RESULTS: Thirty-six patients were randomized to standard monitoring and 38 to minimal monitoring. Sustained virological response at 12 weeks after the end of treatment was documented in 32 of 36 (89%) in the standard versus 37 of 38 (97%) in the minimal monitoring group. Staff time was nonsignificantly longer in the standard group (median 69 [interquartile range {IQR}, 54-80] versus 52 [IQR, 40-75] minutes). Patient satisfaction scores were not different (mean 9.8 of 10 standard versus 9.6 of 10 minimal group). There was no difference in adverse events or unplanned hospital visits; mean per-patient blood test costs were higher in the standard monitoring group ($432 versus $123, P < .001).
CONCLUSIONS: On-treatment monitoring with blood tests and clinic visits may not be necessary during sofosbuvir-based HCV treatment in selected patients.
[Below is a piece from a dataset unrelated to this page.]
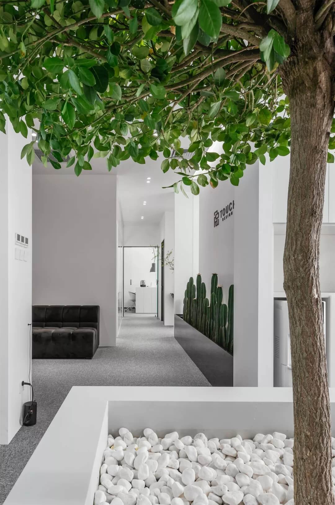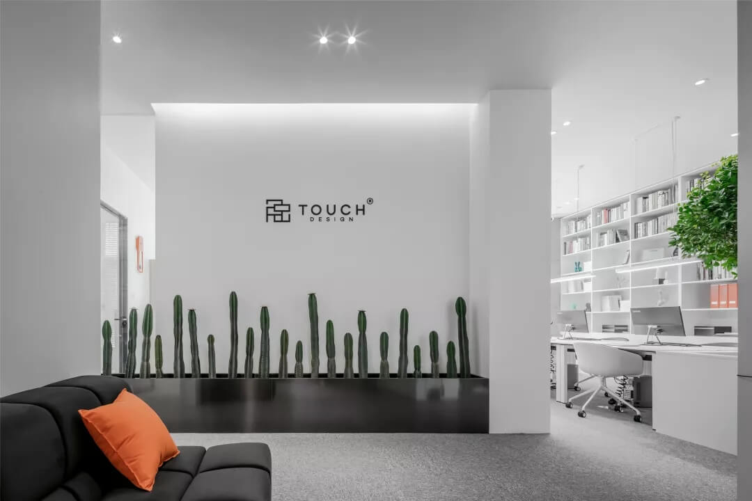 刪繁就簡,以最經(jīng)典的白色為主題搭配色調,沒有繁瑣的辦公室設計和過多的裝飾,減去辦公中的壓抑感。通過將自然純凈的白色與沉靜黑色相結合,將品牌形象簡潔地呈現(xiàn)表達,同時為左右空間的過渡創(chuàng)建和諧觀感。純白的墻面,接近心靈的澄凈;仙人掌是視覺的焦點,恣意生長、堅韌、夯實根基,也正寓意著公司的設計理念:有所依、有所仗、有所長。

The World Health Organization launched the first global health strategy on viral hepatitis in 2016 with ambitious targets of achieving an 80% reduction in the incidence of hepatitis C virus (HCV) infection and a 65% reduction in HCV-related mortality by 2030 [1]. This is feasible because the advent of direct-acting antiviral (DAA) therapy means that, in contrast to earlier interferon-based regimens, almost all people are now suitable for treatment and cure rates are over 90%. However, for the WHO targets to be achievable, simplified models of care are essential to enable broader access to treatment. Evidence to support the safety, acceptability, and noninferiority of less frequent monitoring during treatment is crucial to support the rapid development and scale up of innovative models of care.

Sofosbuvir, daclatasvir, and ledipasvir—DAA drugs for chronic HCV infection—became government subsidized in Australia in March 2016, bringing the interferon era to a close. These treatments have minimal side effects, require no injections, and require only 12 weeks of oral treatment in most people. In multiple phase 3 trials and in postmarketing data from the United States and Europe, sofosbuvir-based combination therapy is very safe, with low rates of adverse events [2-6]. This is a major contrast to interferon-based regimens, in which frequent clinical reviews and blood tests are required to monitor both safety and efficacy during treatment. Most services providing interferon-based HCV treatment use specialist support nurses, and treatment monitoring for interferon-based therapy involves blood tests and face-to-face clinic visits every 2–4 weeks for 24–48 weeks.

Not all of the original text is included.